COVID-19 and Pulmonary Thrombosis—An Unresolved Clinical Puzzle: A Single-Center Cohort Study

J. Clin. Med. 2022, 11(23), 7049; https://doi.org/10.3390/jcm11237049
by Loris Močibob 1, Frano Šušak 2, Maja Šitum 2, Klaudija Višković 3,4, Neven Papić 1,2 and Adriana Vince 1,2,*
Reviewer 1: Anonymous
Reviewer 2:
Reviewer 3:
J. Clin. Med. 2022, 11(23), 7049; https://doi.org/10.3390/jcm11237049
Submission received: 31 October 2022 / Revised: 11 November 2022 / Accepted: 26 November 2022 / Published: 29 November 2022
(This article belongs to the Special Issue Updates in Management of SARS-CoV-2 Infection)

Round 1

Reviewer 1 Report

1. Line 36- these pathogenic factors seem to play role, at least partially, in thrombotic events in patients with celiac disease and this should be added ( https://www.ncbi.nlm.nih.gov/pmc/articles/PMC9144428/)

2. How many patient had secondary bacterial pneumonia in this cohort? 

3. Were all patients treated with LMWH? How about patients who were already on anticoagulation with DOACs or patients with advanced CKD where LMWH would be contraindicated?

4. In methodology CHOD score calculation should be explained- this is an international journal and not all countries are using this scoring system. particularly in North America

5. Table 1- platelet and INR were significantly different in the two group. Since both values are affected in people with cirrhosis have you controlled for this co-morbidity?

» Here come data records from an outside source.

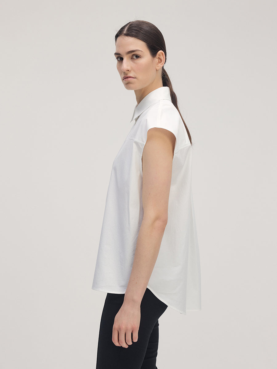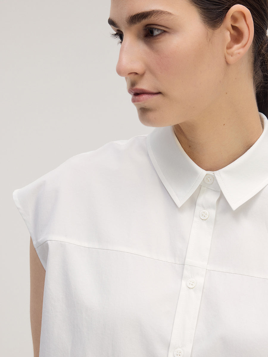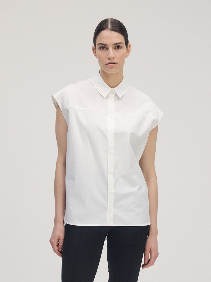 A sleeveless shirt crafted from 100% Japanese cotton that carries a subtle sheen and refined texture. The fabric maintains a crisp hand while draping cleanly, offering both structure and elegance. Designed with softly extended cap sleeves that cover the shoulders, it can be worn comfortably as a sleeveless style. Mother-of-pearl buttons enhance the clean and polished impression.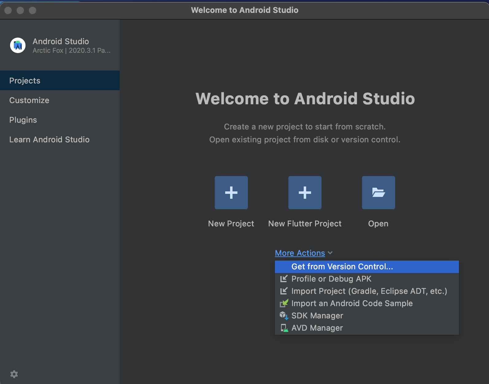 ↑「More Actions」から「SDK Manager」を開きます。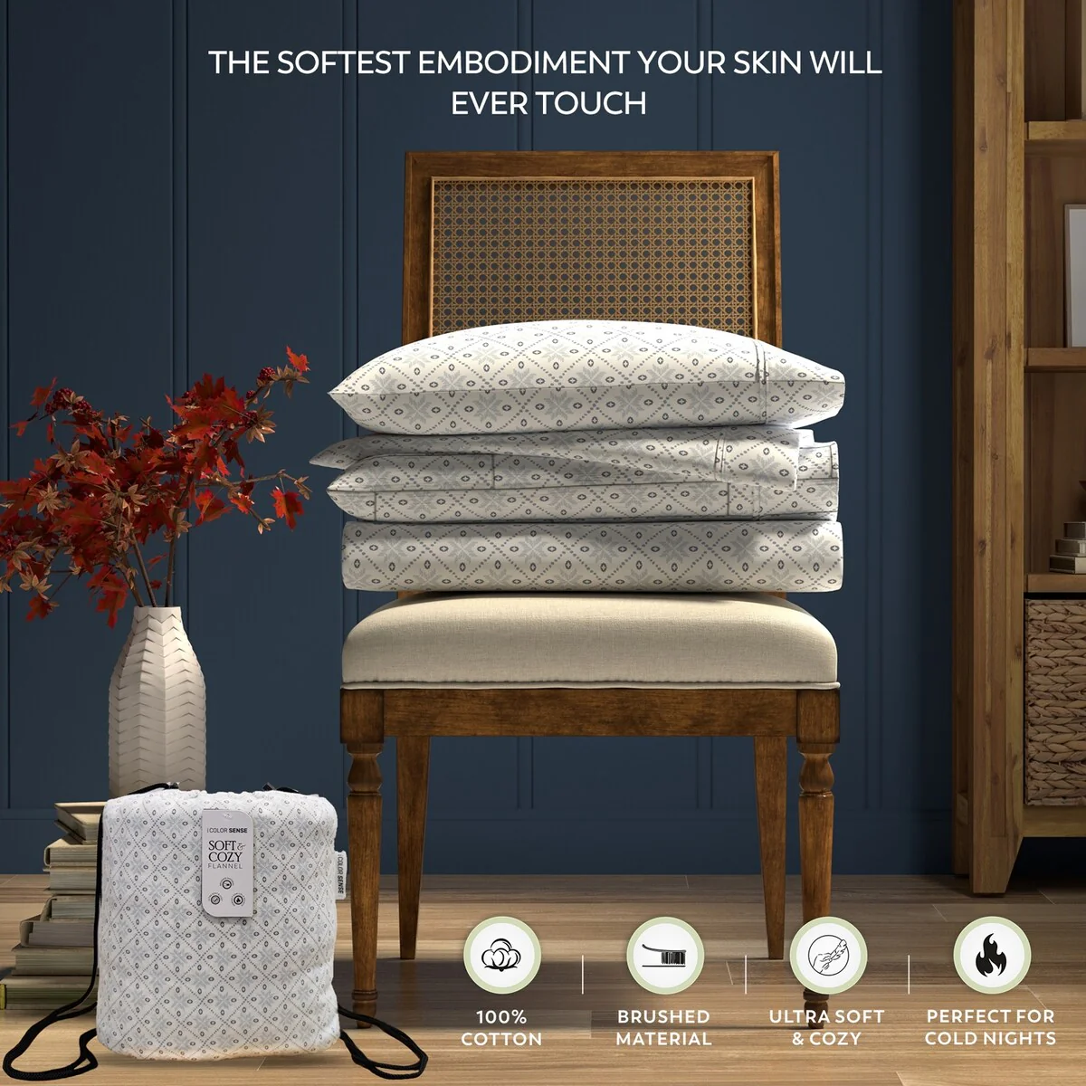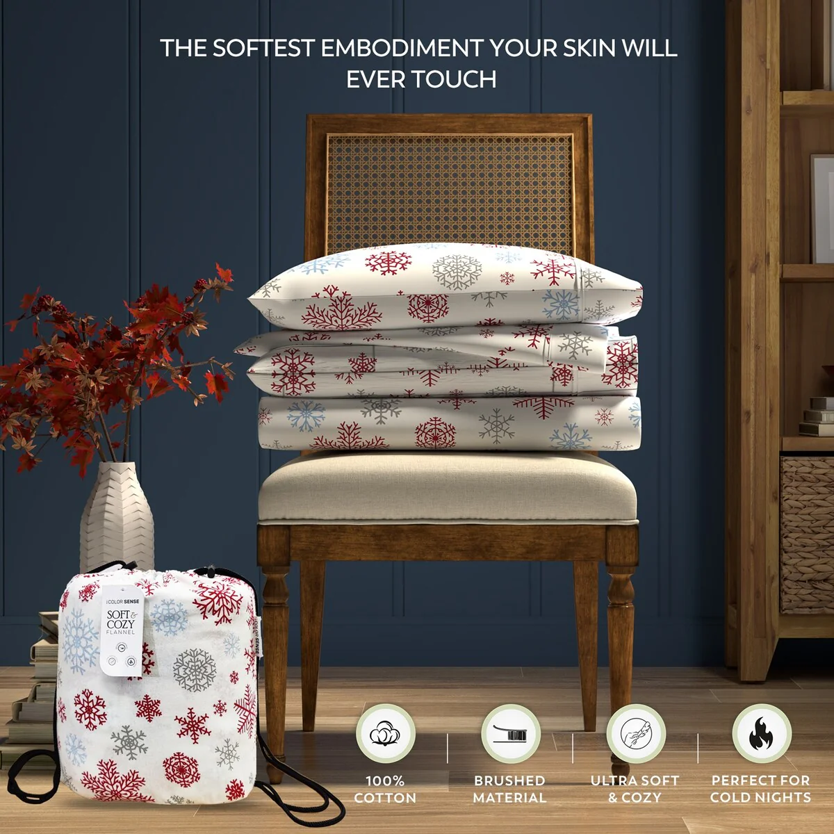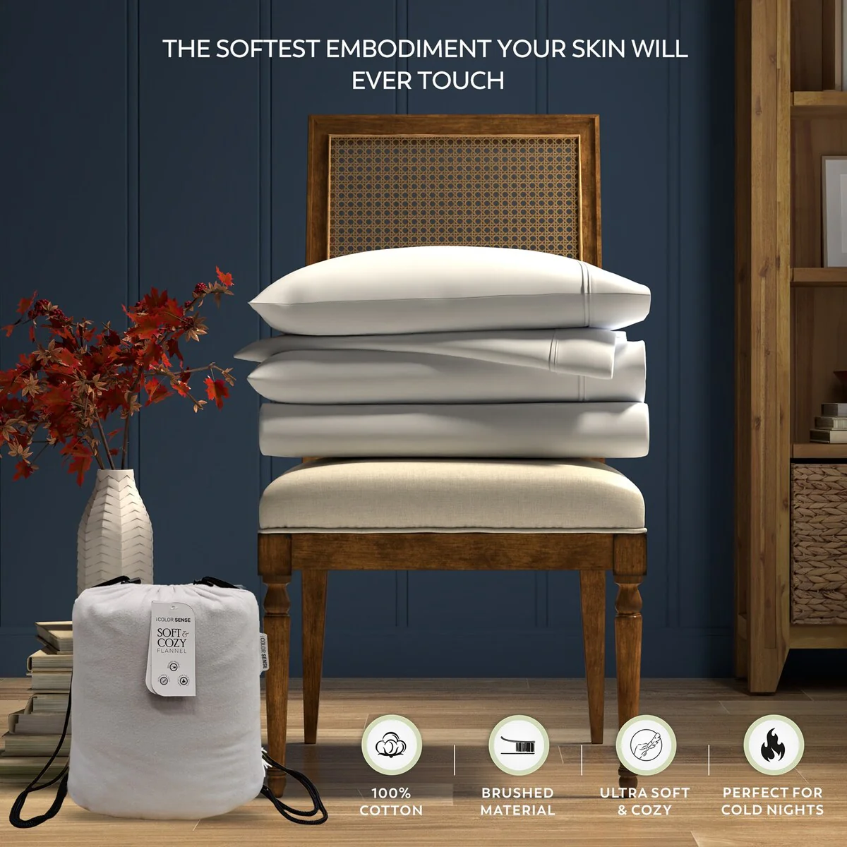 Unwind in pure bliss with the Color Sense 100% cotton 160GSM flannel sheet set. Featuring a brushed percale weave, this super-soft and cozy sheet set comes with a fuzzy/napped finish that is sure to keep you warm and comfortable all winter long. Also, these sheets come packed in a reusable drawstring bag, which is made of the same materials as sheets, making it a sustainable alternative for your storage needs. This high-quality sheet set is STANDARD 100 by OEKO-TEX certified which means it is made in environmentally friendly facilities under safe and socially responsible working conditions for credible safety and reliability. It comes in two sizes - Queen and King to best suit your need.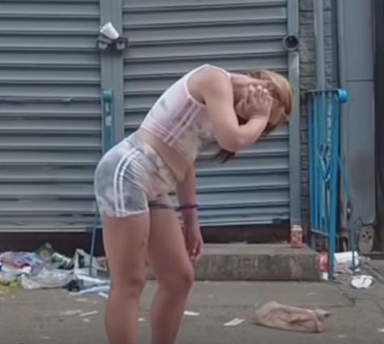 一位三位孩子的母亲,站在街头中央,弯着腰,面朝地,黄色的头发散落在一边,两只胳膊像是死人一般,无力的垂在两侧,一动不动。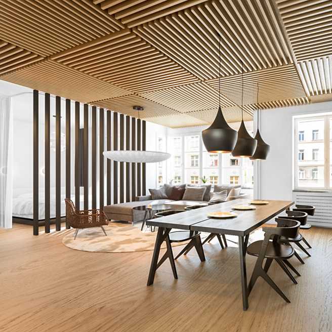 Độ thẩm mỹ cao phù hợp với nhiều không gian kiến trúc khác nhau. Khắc phục được những nhược điểm của gỗ tự nhiên như: cong vênh, ẩm mốc, mối mọt,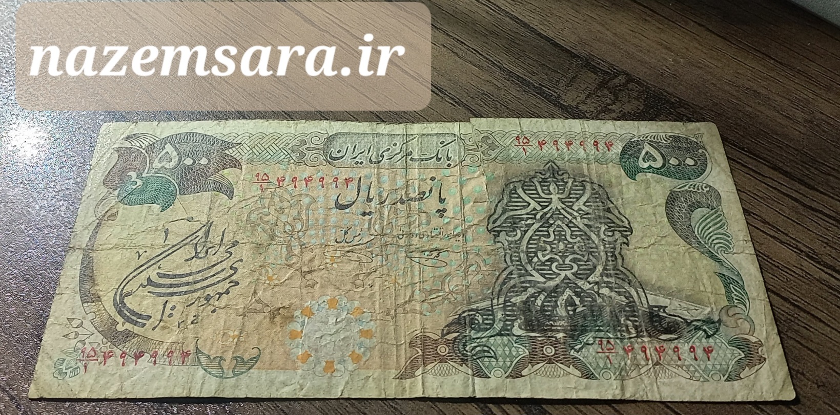 اسکناس پانصد ریال با سورشارژ تصویر محمدرضاشاه پهلوی

6. Factors associated with morality- we do not know about the burden of medical co-morbidities in these two groups so I am not convinced that this is accurate result and conclusion

7. Have you controlled for BMI in the two groups? It is recognized that obesity is a risk factors for both covid and VTE so it would be intuitive to control for this variable 

 

Author Response

  1. Line 36- these pathogenic factors seem to play role, at least partially, in thrombotic events in patients with celiac disease and this should be added (https://www.ncbi.nlm.nih.gov/pmc/articles/PMC9144428/)

ANSWER: We thank the reviewer for suggesting an interesting article. Similar pathogenetic role have been suggested in a variety of conditions. However, we believe that adding the data on the role of thrombosis and hypercoagulability in celiac disease would be confusing and doesn’t fit in the concept of manuscript.

 

  1. How many patients had secondary bacterial pneumonia in this cohort?

ANSWER: None of the patients included on admission had secondary bacterial pneumonia. The impact of nosocomial infections was not analyzed.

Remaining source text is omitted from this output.